What you can do then is put _two_ frames with the same ID from the software FIFO into FlexCAN mailboxes, arranging to put them in slot order _with respect to each other_ (kind of like the drivers do now). Then when there is a notification of one of the FIFO frames being sent, the other FIFO frame will still be in the controller and be entered into arbitration while the driver is working. The driver then has time to take the next frame from the software FIFO and find a free mailbox that will be behind the current FIFO frame. The bus arbitration will not allow a lower priority frame on the bus to get in between in this case and the FIFO frames can go out back-to-back if no other higher priority traffic comes along. Sort of like double buffering the FIFO frames. But it's also free of priority inversion because higher priority frames will still jump ahead of these FIFO frames.
If there are multiple segmented messages needing FIFO ordering with respect to each other then each FIFO requires two slots in the FlexCAN. But maybe that's not a problem: probably only a one or two FIFO queues would be needed in most applications.
@kentindell As I understand, a software buffer suffers from the same problem as the hardware buffers do. If a frame with lower ID must be sent and the HW and SW buffer is full, we cannot do anything, because we can't just remove other frames without putting them in the queue again. This is an issue do to the async behavior of the CAN API. For synchronous calls, we can just keep a copy of the frame in the stack and put it to the queue later on. For async send, we don't have a stack, unfortunately.
A solution could be to use a buffer and context provided by the user, for async transfers. The async context holds the callback + callback arg, the semaphore, a list pointer, and a pointer to N frames, where the N frames could be used for sequential transfers.
The context can form a list and can be moved forward/backward according to their ID. The driver needs to be able to remove frames from its mailbox to avoid priority inversion. The synchronous calls can hold that context in the stack. The async calls need to make sure that the memory stays valid until the callback is called. The drawback is that when we let the user provide a buffer and he puts the buffer on the stack, the whole list could be damaged.
What do you guys think about it @henrikbrixandersen @karstenkoenig @nixward ?

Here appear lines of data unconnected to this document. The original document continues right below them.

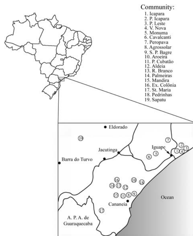
Figure 1 - Map of Brazil showing the 19 communities in the Vale do Ribeira in São Paulo state where the 78 sweet potato ( Ipomoea batatas ) accessions (landraces and putative clones) were collected.

The collection strategy consisted of visiting the households at random in the principal communities of the municipalities and applying semi-structured interviews based on questionnaires about the agricultural system and the crops currently grown. These interviews focused on the use, origin and location of the crop plantings and whether swidden, plots or home gardens were used (Bressan et al. , 2005). Each household provided one or more tubers or vines from each sweet potato variety and, on average, 1.8 sweet potato landraces were collected per household, distributed as follows: 16 households provided one landrace each, 11 provided two landraces each, three provided three landraces each, one (from Pontal de Icapara) provided four landraces and one (from Agrossolar) seven landraces. More than one vine or tuber was collected from landraces in the Iguape municipality and were considered replicates or clones (called clones in the text) for intravariety variability assessment. The accessions were initially multiplied in pots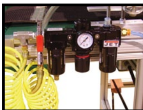
Air regulator and water separation

Linear action seeding increases accuracy, with an adjustable vibrator, vacuum controls, and large capacity top coating unit for uniform covering of finished trays. PLC controls allow quick and easy change-overs. Eight sets of various sized needles are included to accommodate multiple seed sizes.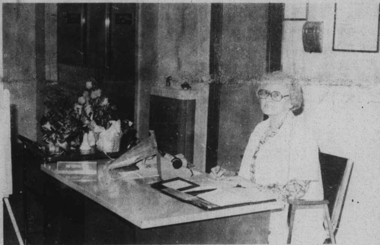
AUXILIARY CELEBRATES BIRTHDAY - Duplin General Hospital Auxiliary celebrates its first birthday this month with 51 members who give more than 250 hours per month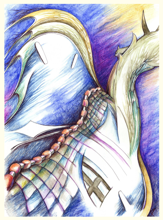
"...and a roof that made me think of a sleeping dragon when I was a little girl..."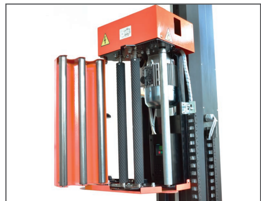
IN OPTION: POWER PRE-STRETCH CARRIAGE

Power Pre-Stretch carriage; 1650 mm turntable; Pit frame; Ramp.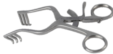
Self Retaining Mastoid Retractor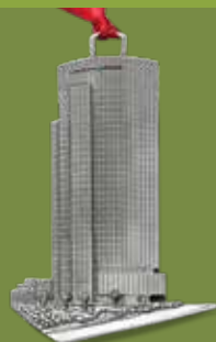
2017 - Northwestern Mutual Tower and Commons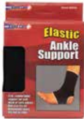
Ankle Support Item No. 1225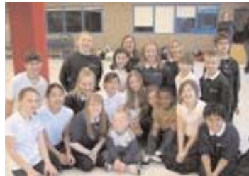
Sixth grade Life Crusaders in action at Mary’s Place/Sharing and Caring Hands.

How hard it is, in our busy lives, to take time to help others, especially when they are not people we personally know. Yet, these words of Jesus call us to do just that – to help our neighbors and to be generous with our time, gifts, and talents. During this past school year, a group of sixth graders from St. Bartholomew School answered Jesus’ call and gave of themselves, to the greater community, in some extraordinary ways.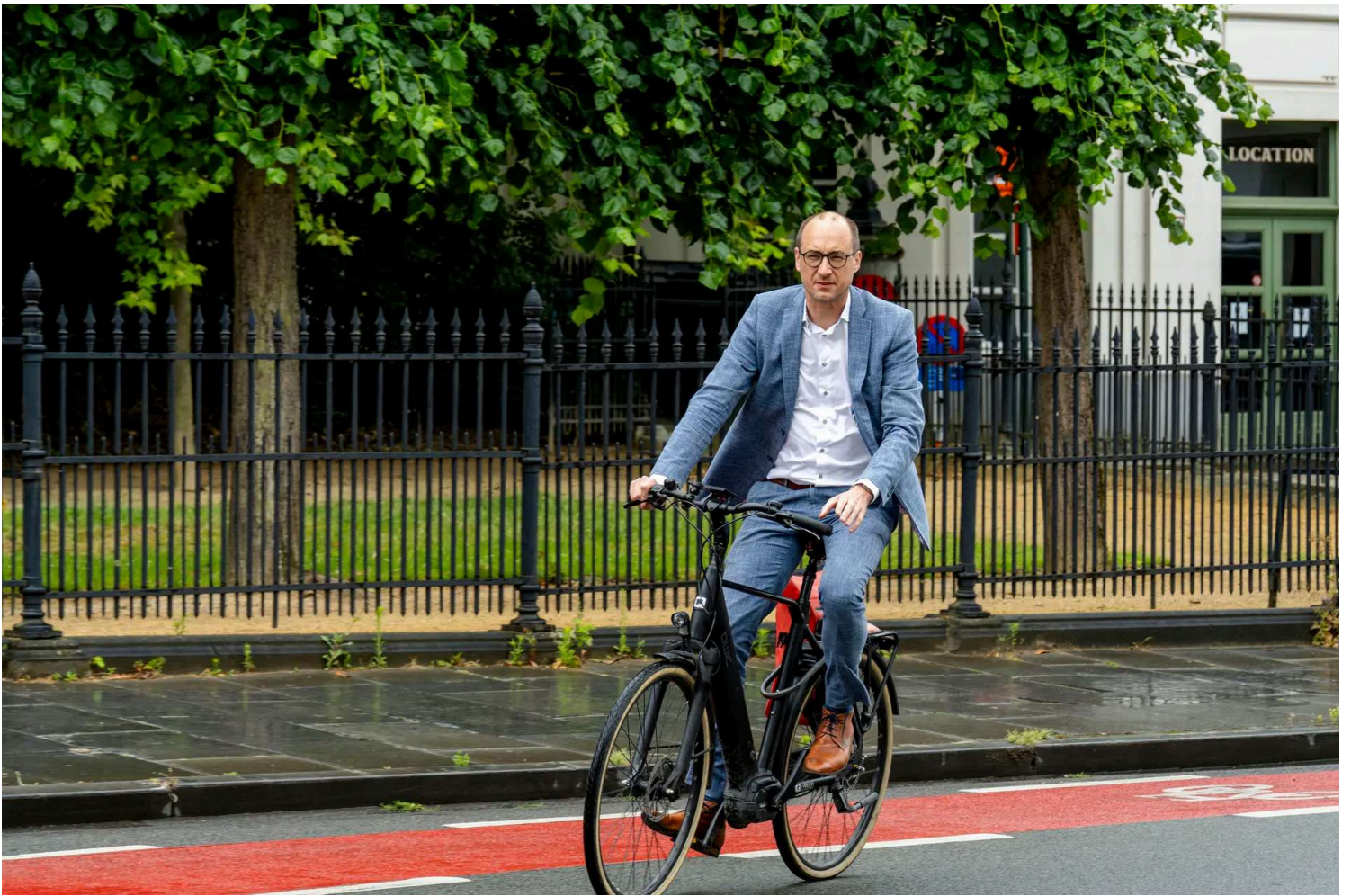
Vice-prime minister and Budget Minister Vincent Van Peteghem pictured ahead of a 'Kern' meeting of selected Ministers of the Federal Government, in Brussels, on June 27, 2025.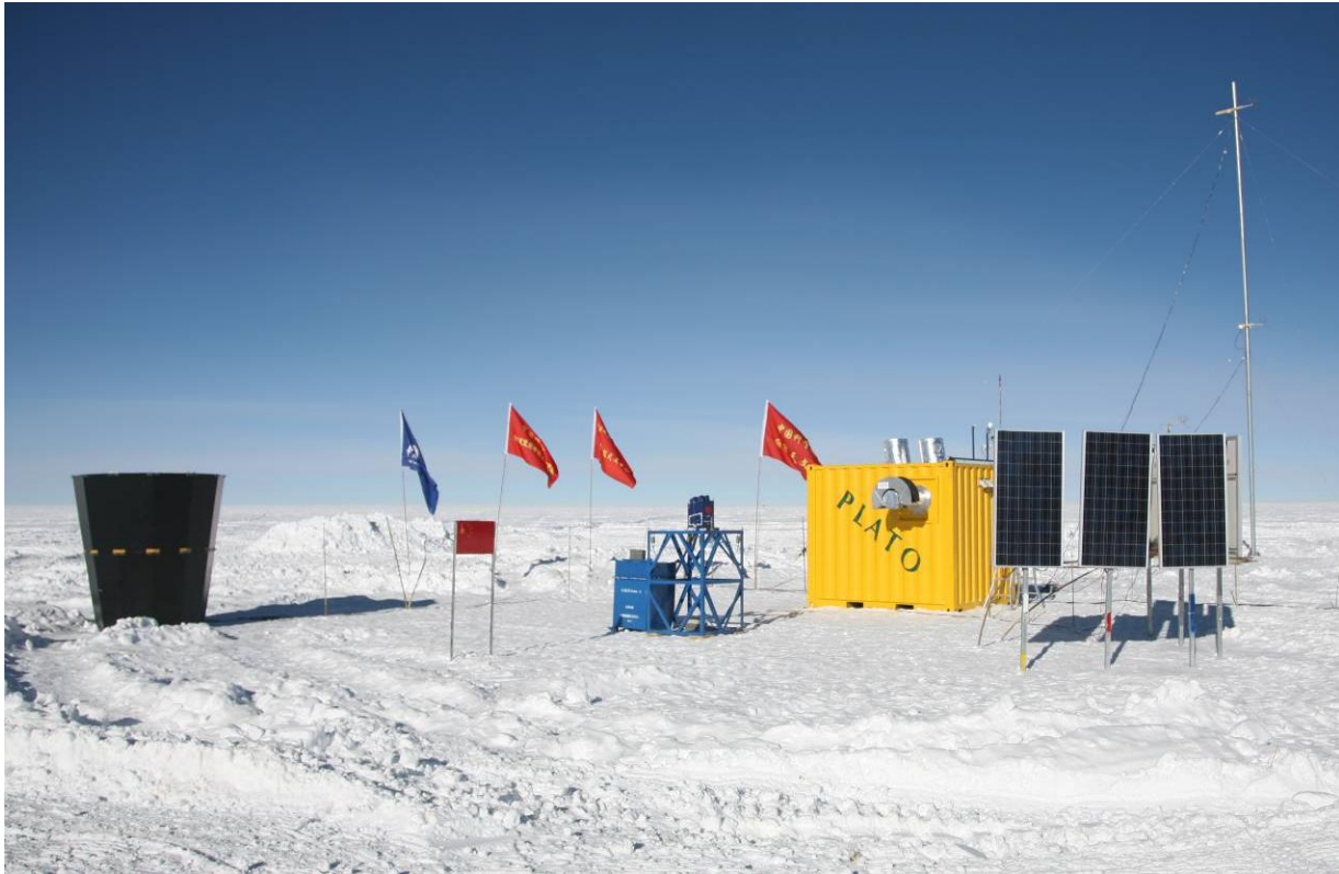
Fig. 2. Picture of the PLATO observatory installation at Dome A station. The PLATO instrument module is centre right surrounded by the solar panel array, the CSTAR telescopes (centre) and the SNODAR instrument (left).

supply for a minimum of one year between servicing. The fuel tank contains enough capacity for greater than nine months of continuous running and is also used to store heat from the engines to help regulate the internal temperature of the module. In addition, each engine is installed with its own bulk oil filtration and recirculation system in order to extend the required servicing interval from the nominal 200 hours of a stock engine, to the ~2000 hours we require.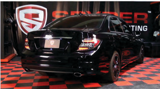
15) Close the trunk and enjoy your new Spyder LED tail lights.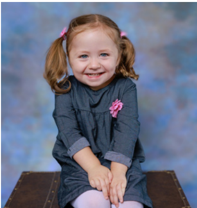
PRESCHOOL PHOTO DAY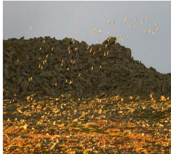
Golden Plover over an unspoilt upland

Independently peer reviewed research is now also indicating that the impacts of wind turbine developments may not be limited to direct impacts from construction and operation. Recent scientific research by the Royal Society for the Protection of Birds (RSPB) indicates that wind turbine sites are having a cumulative negative impact on some peatland birds.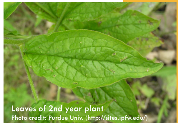
Leaves of 2nd year plant

The software queues would have the same problem as the hardware queues if they aren’t big enough, that’s true. My MicroPython bxCAN drivers can be compiled to support 32 or 64 frames, but it’s not easy to have an arbitrary number.

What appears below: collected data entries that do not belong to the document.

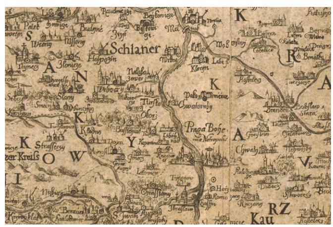
Figure 6: Surroundings of the Prague City on the Aretin's map of Bohemia from the year 1632

The map titled Regni Bohemia nova et exacta descriptio (New and exact description of the Bohemian kingdom) was created by Petr Aretin of Ehrenfeld (1570-1640) as the historically third map image of Bohemia. The map was first published in 1619. In our collection we found the second and third publication of the map. The second revised and supplemented publication is dated 1632 and was used as a military map during the Thirty Years War. On the right and left edge of the map there are six figures in period garments. Six female figures on the right edge and six male figures on the left edge. In the upper right corner the Czech lion is represented and in the upper left corner there is the imperial eagle.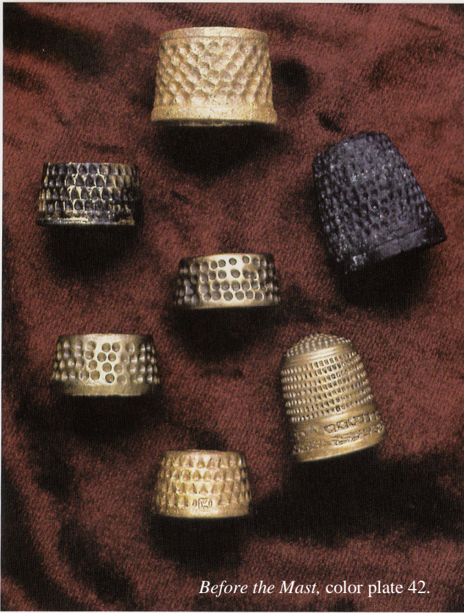
Before the Mast, color plate 42.

Most of the items in William's sewing kit were purchased or collected from various spots in my house. I like to sew and have a fair amount of sewing gadgets. I have two lovely period thimbles which were not chosen, due to the type of sewing which they would need to perform. Instead I have chosen a thimble with medium pits, a cap and a small rolled edge. I chose a thimble with a medium size because William's hands will not always be small. I have backed up my collection of sewing supplies with a minimum of research and pictures.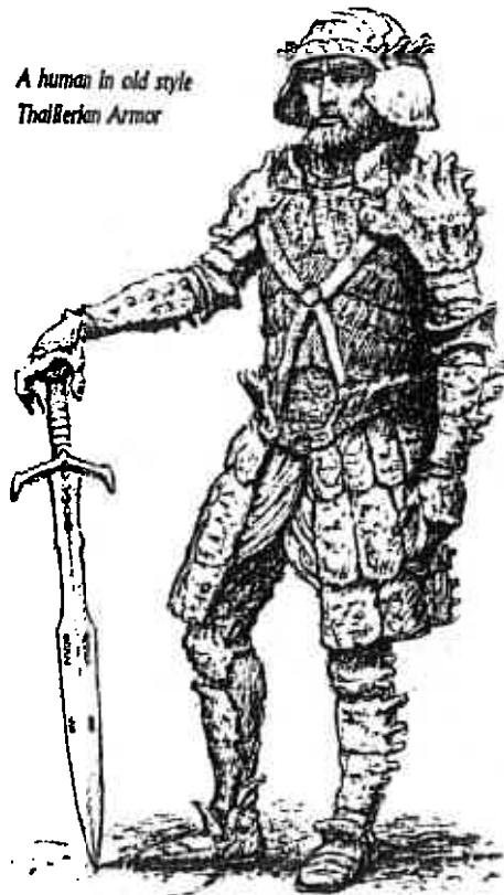
A human in old style Thallierian Armor

9. LARD ASS BRONTH. On a related note, have you ever taken a close look at the physical dimensions of a Bronth? They are listed in the "Sholari's Companion" as being, on average, 6'4" and 450 lbs. Compare that with a Corastin's 10' and 450 lbs, and I think you're looking at a hefty biped. Bronth are usually illustrated with Apollonian bodies, but they're probably more like Winnie the Pooh than Mr Universe. Shake your booty indeed.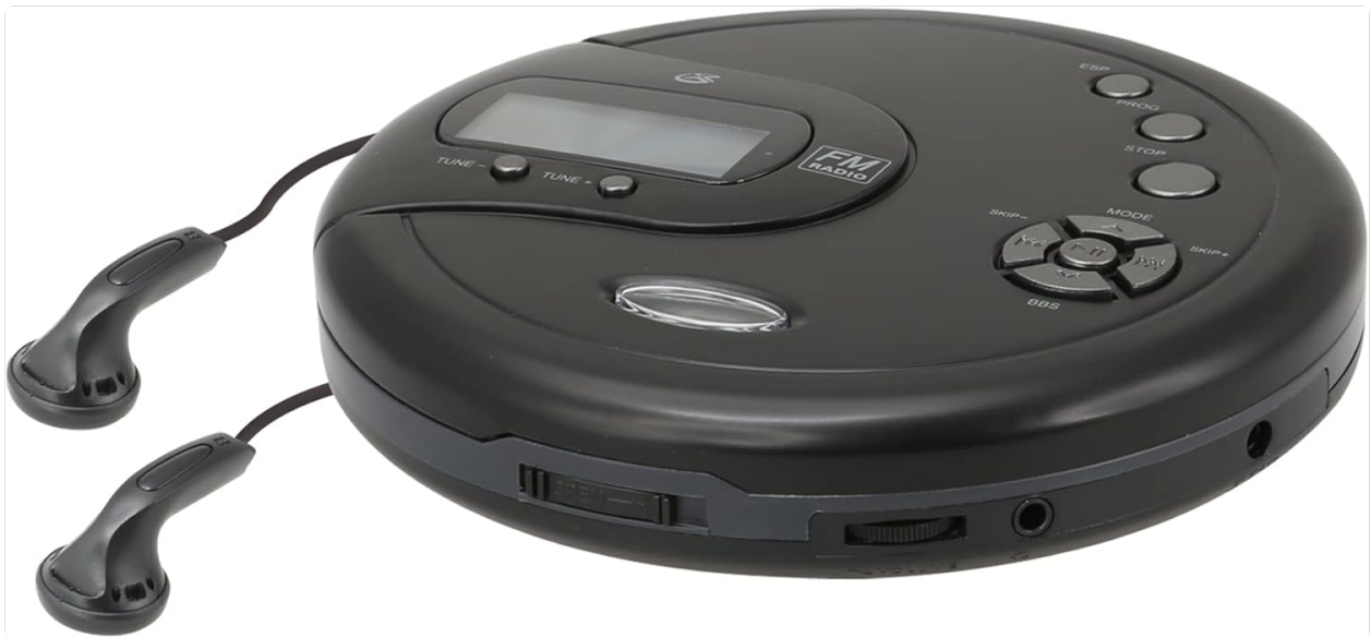
Figure 3.2: A compact disc correctly placed within the player's compartment.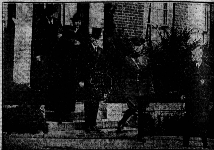
President and Mrs. Coolidge are shown standing in front of the Wilson home in Washington. The funeral procession of the late war-time president started for the national cathedral of Albany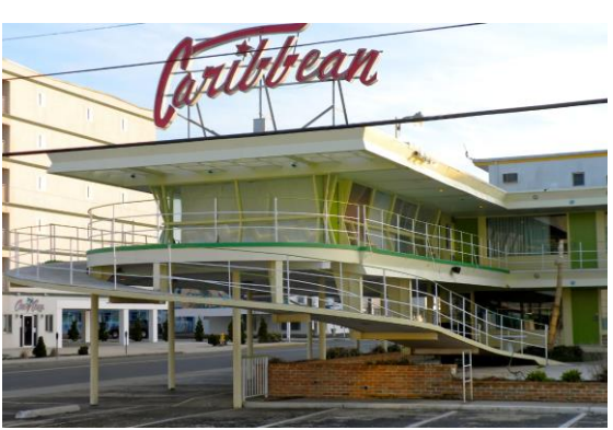
An example of Googie Architecture The Caribbean Motel in Wildwood, New Jersey's Wildwoods Shore Resort Historic District (1957)

For serialising a segmented message, you could have an API where the whole message is stored in RAM (allocated by the application but where ‘ownership’ of the RAM is handed to the CAN driver) and the CAN driver assemble a new frame in the driver’s priority queue on a callback when the previous frame was sent. Obviously there are memory management issues (bad idea to have that message stored on the stack!).

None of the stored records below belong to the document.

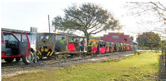
The caravan of motor cars, bound for Tavares, departed Winter Garden Saturday morning about 8:30.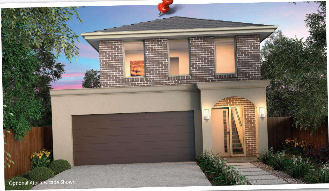
Optional Attica Facade Shown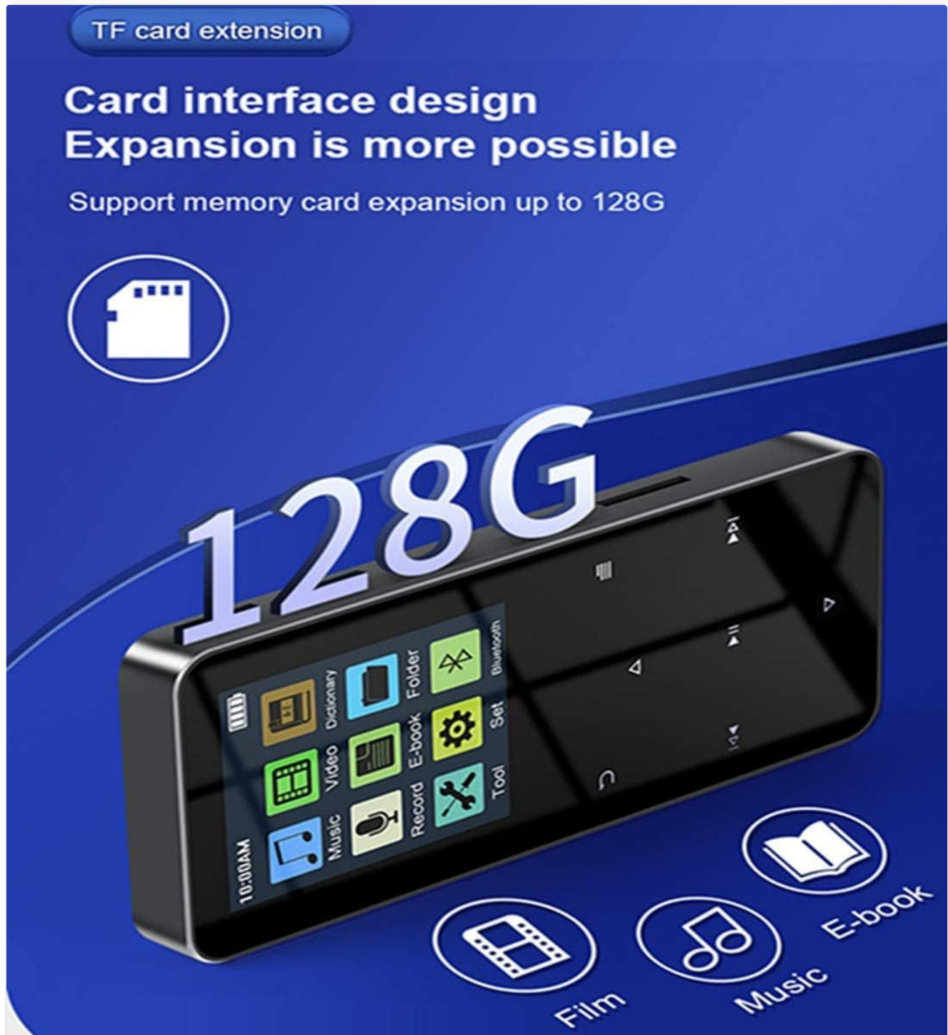
Illustration showing the TF card slot for memory expansion up to 128GB.

Your MP3 player comes with a 32GB TF card pre-installed. If you wish to expand storage, you can replace it with a TF card up to 128GB. Locate the TF card slot on the side of the device. Gently insert the TF card into the slot until it clicks into place. To remove, push the card in slightly until it springs out.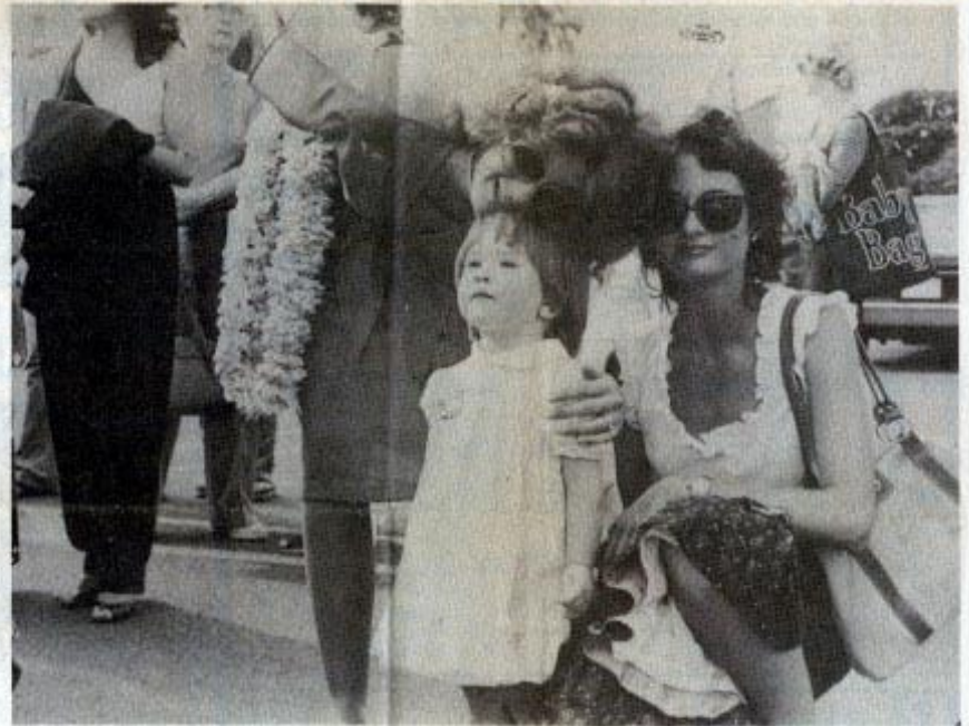
WHERE'S HE AT? — Frequently heard on the pier was, "Where's my daddy?" This young lady, with help from her mother and a family friend, looks for her father.

I think this scheme is workable. It’s important to be careful about CPU time in the TX callback - it will need to be kept short, particularly for the bxCAN driver which will also have the job of filling a hardware mailbox from the priority queue (there is probably an optimisation when the new frame is also the one that should go into the mailbox - can combine the two operations into one).
I think this scheme is workable. It’s important to be careful about CPU time in the TX callback - it will need to be kept short, particularly for the bxCAN driver which will also have the job of filling a hardware mailbox from the priority queue (there is probably an optimisation when the new frame is also the one that should go into the mailbox - can combine the two operations into one).
The TX callback (ISR context) will only move the head of the sorted queue to the HW mailbox. This operation is quite short and O(1). The sorting (Insertion sort, which is O(n)) will happen in the context of the sending thread.